IN OHIO, Jarod is in his lair listening to the recordings of the conversations between Turbo Squad and the dispatcher, Liz Brantley, on the night Daniel Lang was killed. He can hear the members of the squad talking. There is sporadic gun-fire, and Moony cries out that he's been shot. Lang says that an officer is down and that Turbo Squad needs back-up. There's more gun-fire, and then Lang goes down. Moony is heard shouting that Lang's been shot; he calls for an ambulance. Liz's voice is heard talking to Daniel Lang. She calls him "Dan", and tells him to hang in there; that help is on the way. Lang says he can't feel his legs... that he's getting very cold... Then he tells Liz to tell his sons that he loves them... Then Lang is silent. At the end of the recording all that can be heard is silence from Lang, and Liz's soft voice muttering, "Oh, my god."

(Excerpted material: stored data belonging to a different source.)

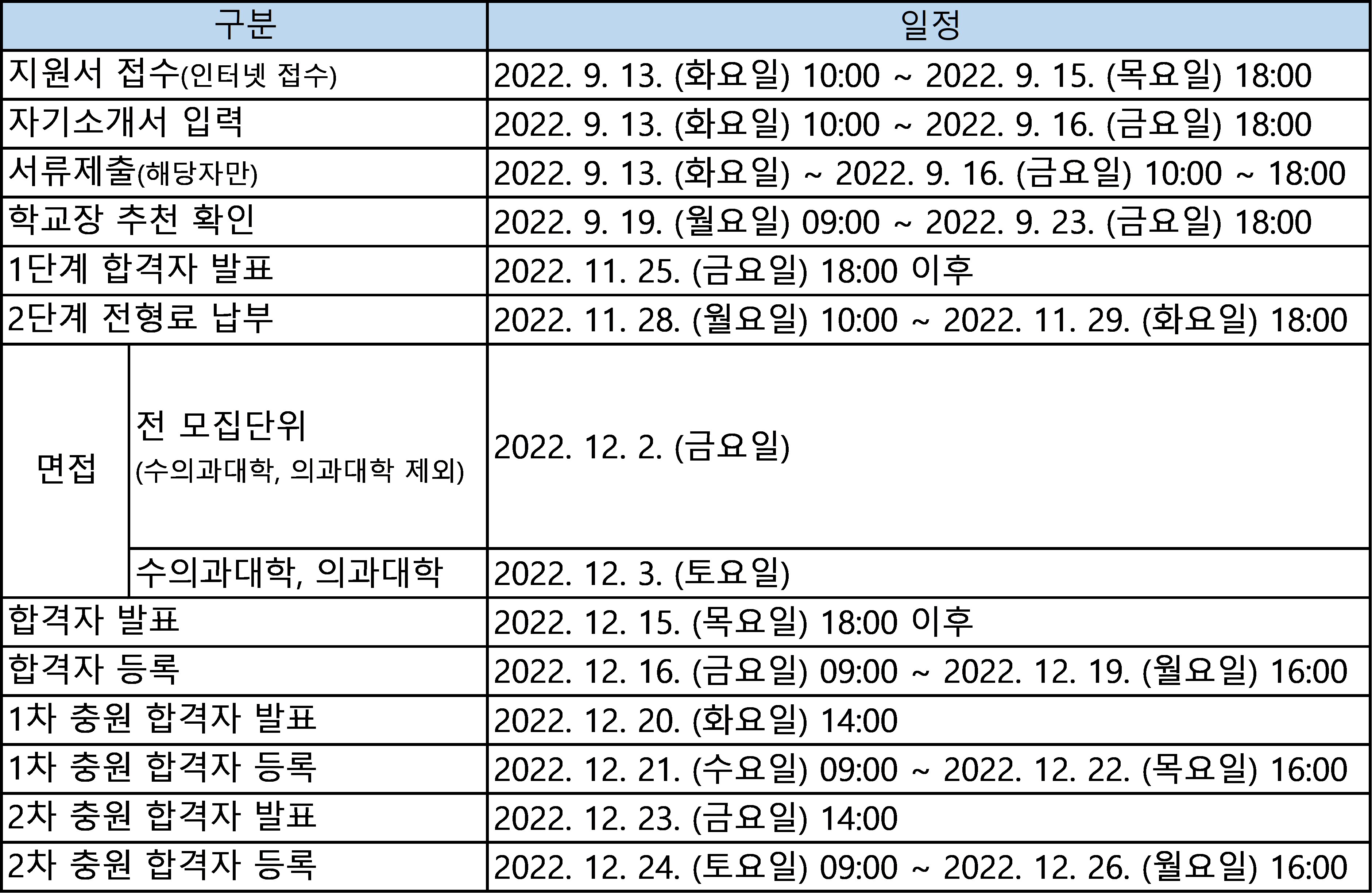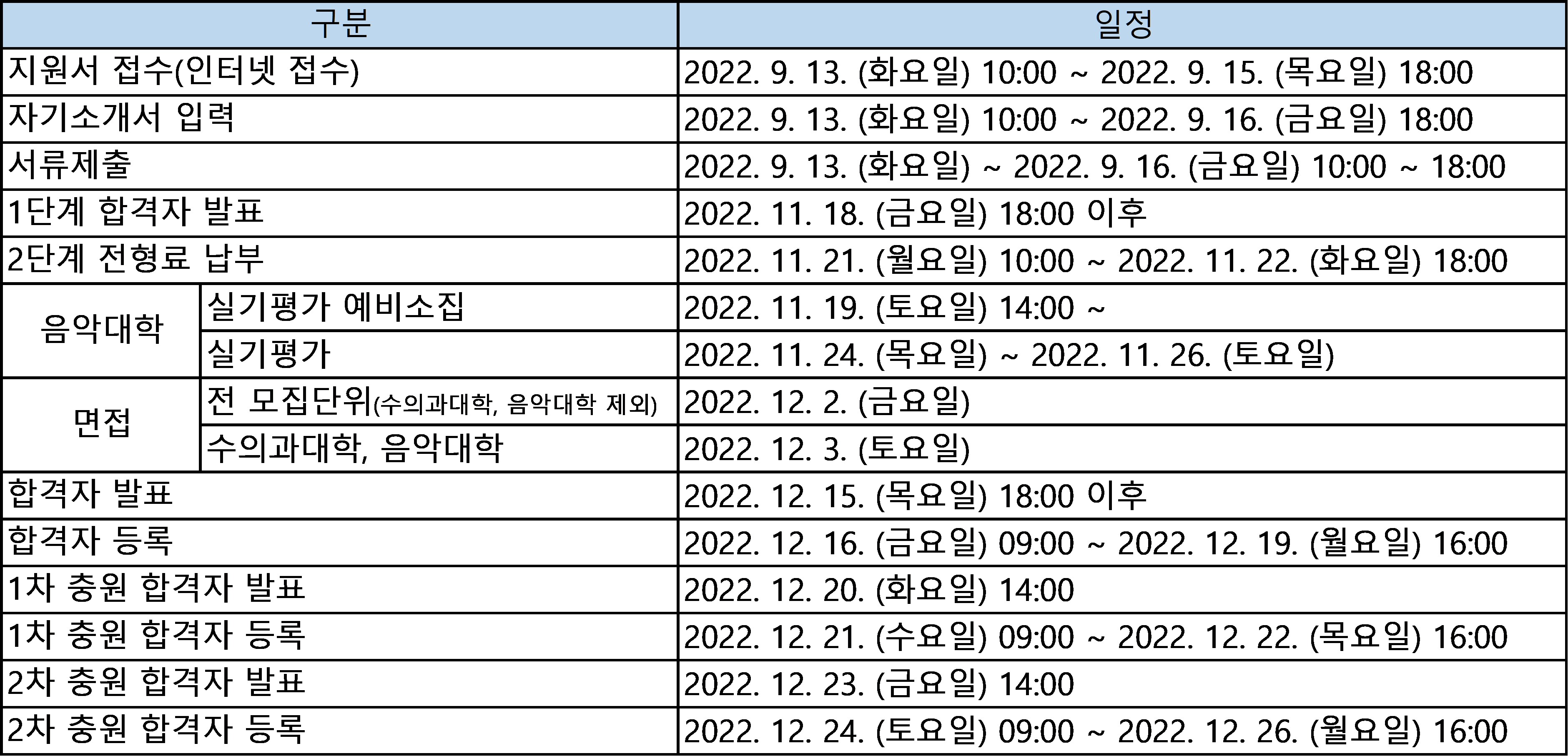 일반 전형(음악 대학 제외) 2023년 2월 졸업 예정자를 포함한 고등학교 졸업자 또는 법령에 의해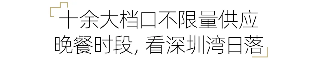 另外还有多个自助餐档口不限量供应美食,如果你是晚市前来,就能俯瞰湾景,坐拥深圳湾最美日落。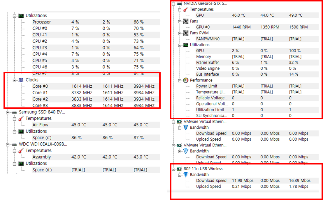 CPU 정보뿐만 아니라, 하드디스크, 그래픽카드, Wireless 사용량 등의 정보도 실시간으로 출력되는 것을 확인할 수 있습니다.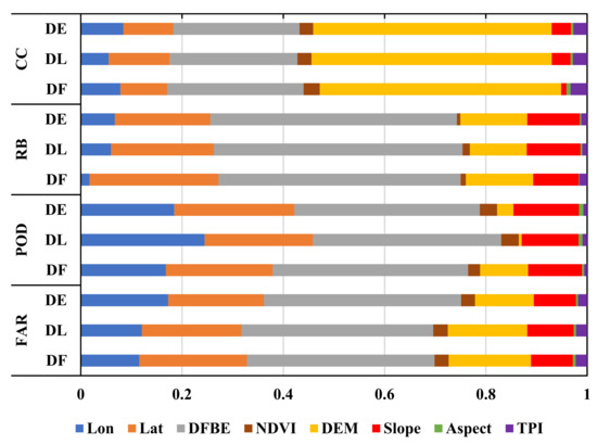For all the IMERG estimates, DEM is the most sensitive feature for the CC (weighs around 0.47), followed by DFBE and Lat (weighs about 0.26 and 0.10, respectively). Meanwhile, these three geographical features, which have similar weight distributions, are also the most important sensitive sources of the RB and the FAR, among which DFBE becomes the most important contributor (weights > 0.38), followed by Lat and DEM (weights are about 0.2 and 0.14, respectively). The POD is mainly determined by DFBE, Lat, and Lon, with weights of 0.38, 0.22, and 0.17, respectively. The significant differences in the DEM weights in the POD between NRT IMERG daily estimates and IMERG-DF are that the weight of the former is only around 0.01, while the weight of the latter is as high as 0.11. In addition, we also notice that the influence of slope on the RB, POD, and FAR is much larger than that on the CC, while DEM shows a much greater impact on the CC than the impact shown by other metrics.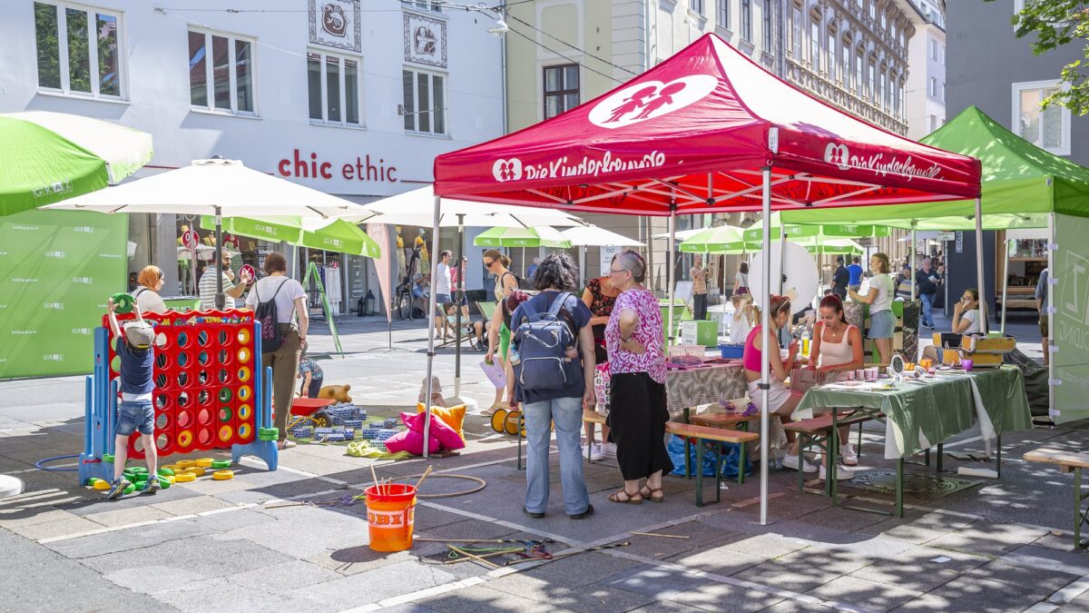 Los geht es am 6. August auf dem Färberplatz, gefolgt vom Tummelplatz (13.8.) und dem Mariahilferplatz (20.8.), bevor es am 27. August auf den Grazer Hauptplatz geht. Mit im Gepäck ist auf allen vier Plätzen jeweils von 11.00 Uhr bis 17.00 Uhr ein von Musik Zentral organisiertes Musikprogramm mit Livemusik von unterschiedlichen Bands und Musiker:innen sowie Unterhaltung und Showacts für Kinder von Grazer Spielmobilbetreibern (Kinderschminken, Zaubervorführungen, Kasperltheater uvm.). Für Abkühlung und Entspannung sorgen Sonnenschirme und Liegestühle sowie Pavillons speziell für die kleinen Gäste. Auch erwachsene Besucher:innen können sich auf besondere Veranstaltungshöhepunkte freuen, die die Holding Graz gemeinsam mit ihren Sponsoring-Partner:innen und dem Verein „Echt Graz“ organisiert.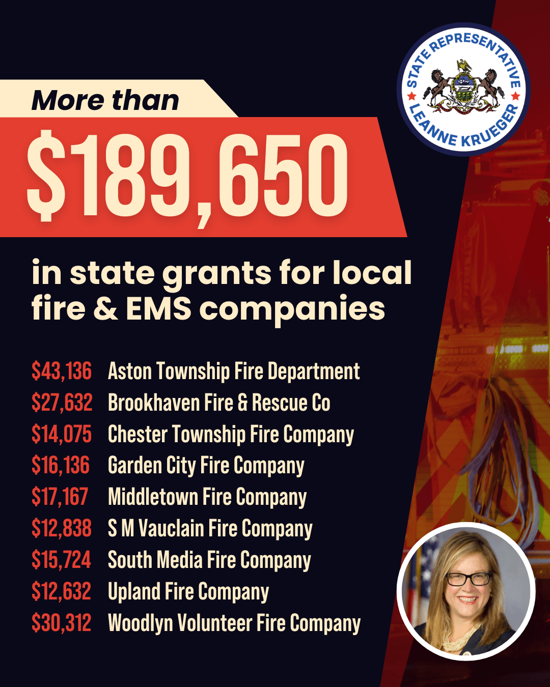 I have great news for our community - more than $189,650 in state grants is heading to our local fire and EMS companies.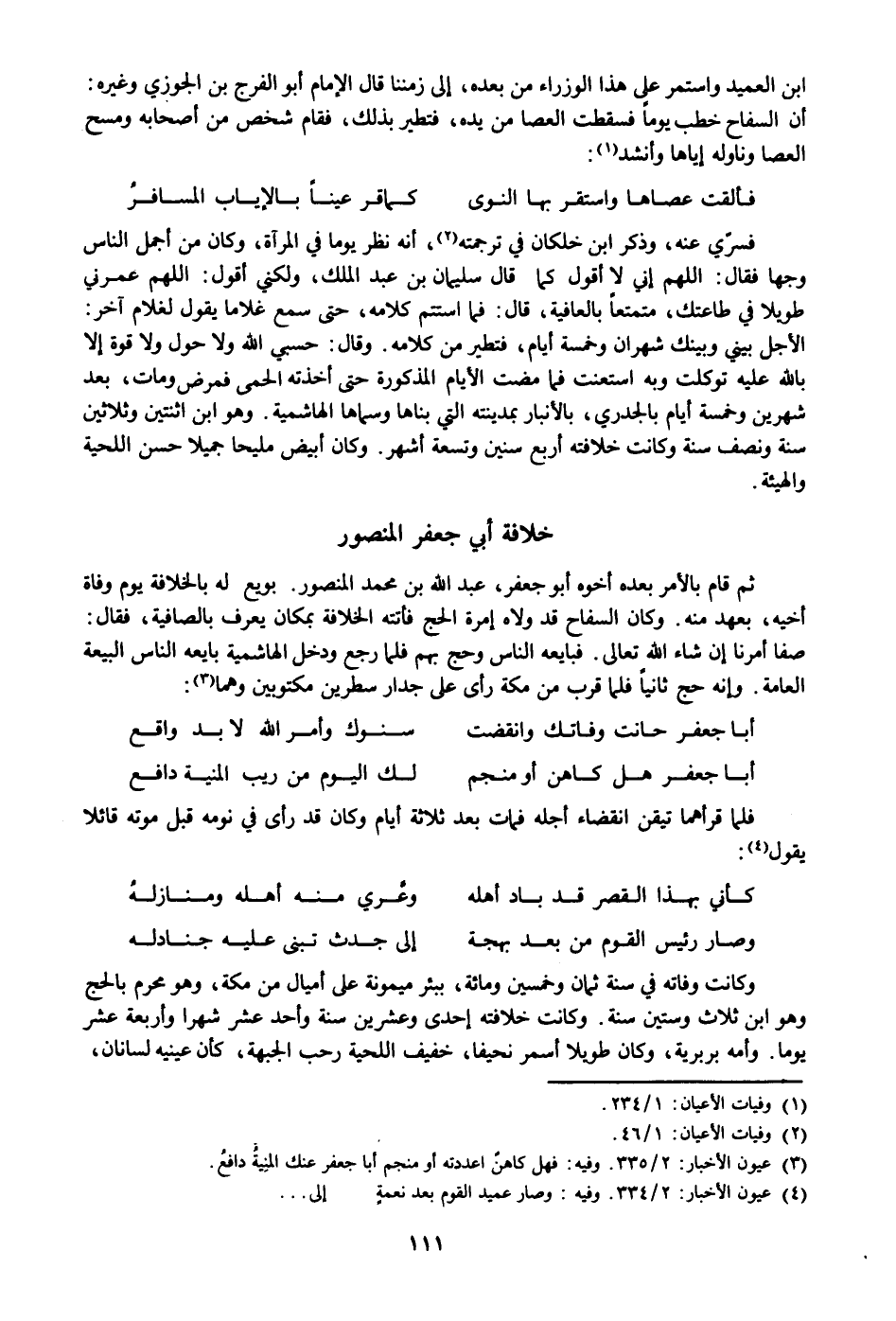 أن السفاح خطب يوما فسقطت العصا من يده، فتطير بذلك، فقام شخص من أصحابه ومسح العصا وناوله إياها وأنشد «1» :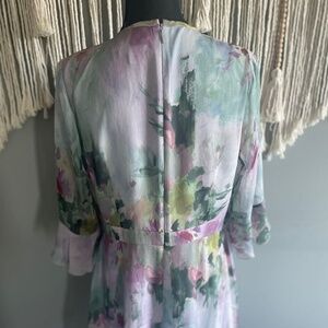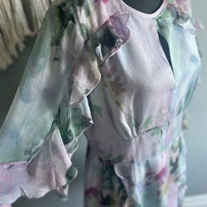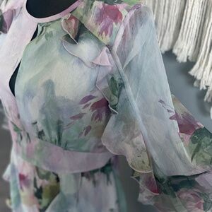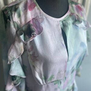 Fits true to size, order your normal size Designed to hit above the knee Round neck with keyhole Elbow-length sleeves Banded waist Ruffled trim throughout Hidden back zipper Lined Shell & lining: 100% polyester 35.5” in length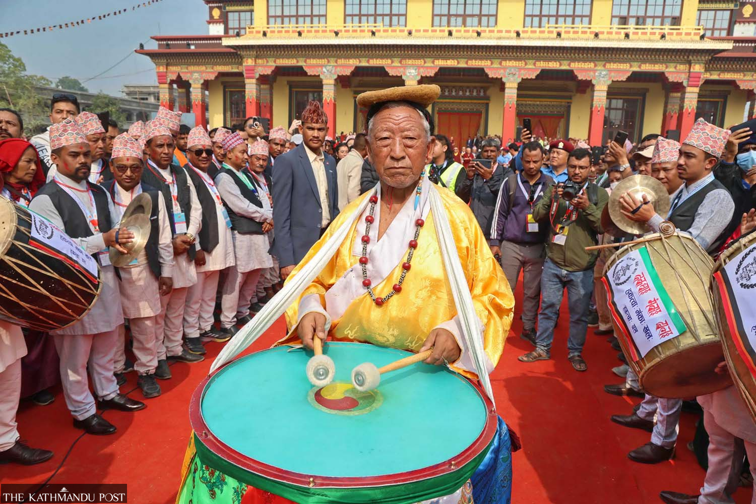 Sherpa community members play instruments as they stage the popular Tashi Sholpa dance in Lumbini on Friday. Manoj Paudel/TKP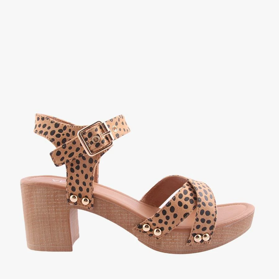 Complete your look with Lulu by Verali. This women’s heeled sandal features a cross over design with gold studs on the lightweight sole.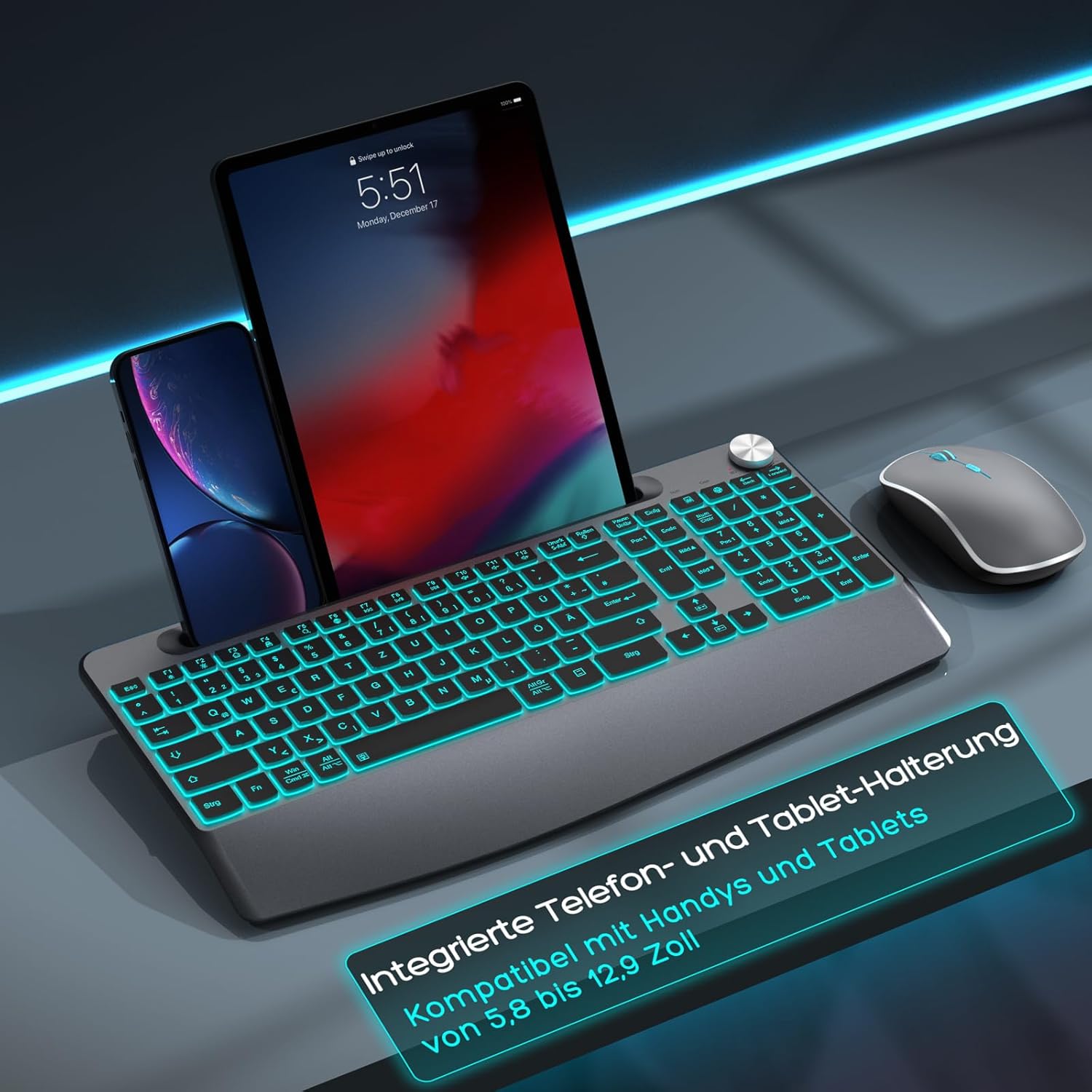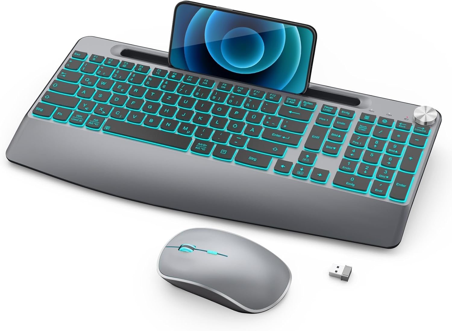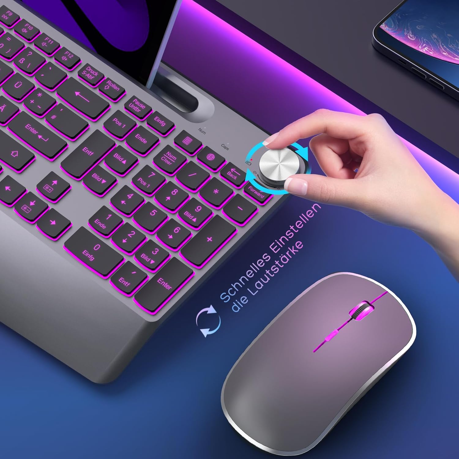 Безжична клавиатура и мишка - Презареждаща се клавиатура в пълен размер със 7 цвята, поставка за китката, държач за телефон, контрол на силата на звука, 2.4GHz клавиатура за компютър, лаптоп, PC, Mac, Windows - сива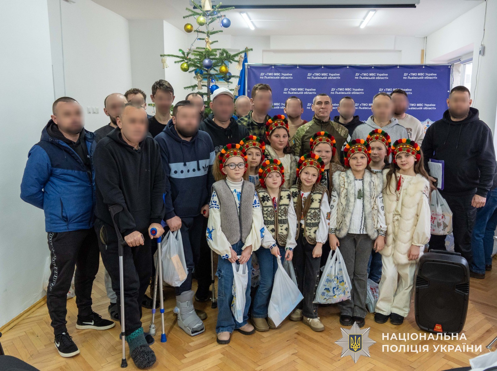 У понеділок, 23 грудня, бійці стрілецького підрозділу КОРД поліції Львівщини, Об’єднаної штурмової бригади Національної поліції «Лють», а також військовослужбовці Національної гвардії України, які проходять лікування та реабілітацію у відомчому медичному закладі, отримали подарунки від своїх старших товаришів — ветеранів правоохоронних органів.
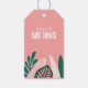 Tropical baby shower favour tag with tropical leaves in shades of pink and green and wood grain reverse side.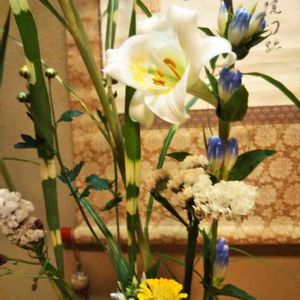 ユリが咲きました❗️ お盆に合わせて1本だけ😆 床の間に活けることが出来て満足。 ヤバネススキ、ユリ、ジニア、ワレモコウが庭のお花。 リンドウとスターチスだけ購入。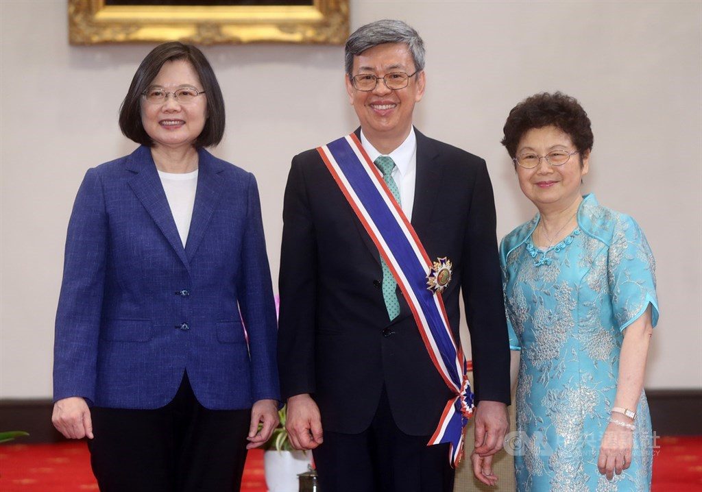 蔡總統再次感謝陳副總統對國家的付出,她說,頒授中山勳章,肯定陳副總統4年任期內承擔起一件又一件充滿挑戰性的任務,包括主持年金改革委員會、推動人權工作、和宗教團體溝通對話及五度代表國家出訪邦交國。

AT THE POLICE STATION, Jarod seeks out the dispatcher, Liz Brantley. He tells her he had listened to the dispatch tapes of the night Daniel Lang was shot, and tries to comfort her by telling her that it must have made Dan feel a little better to know that someone who loved him was talking to him just before he died. Liz is shocked that Jarod seems to know that she and Lang were emotionally involved with one another, and Jarod tells her, "I could hear it in your voices."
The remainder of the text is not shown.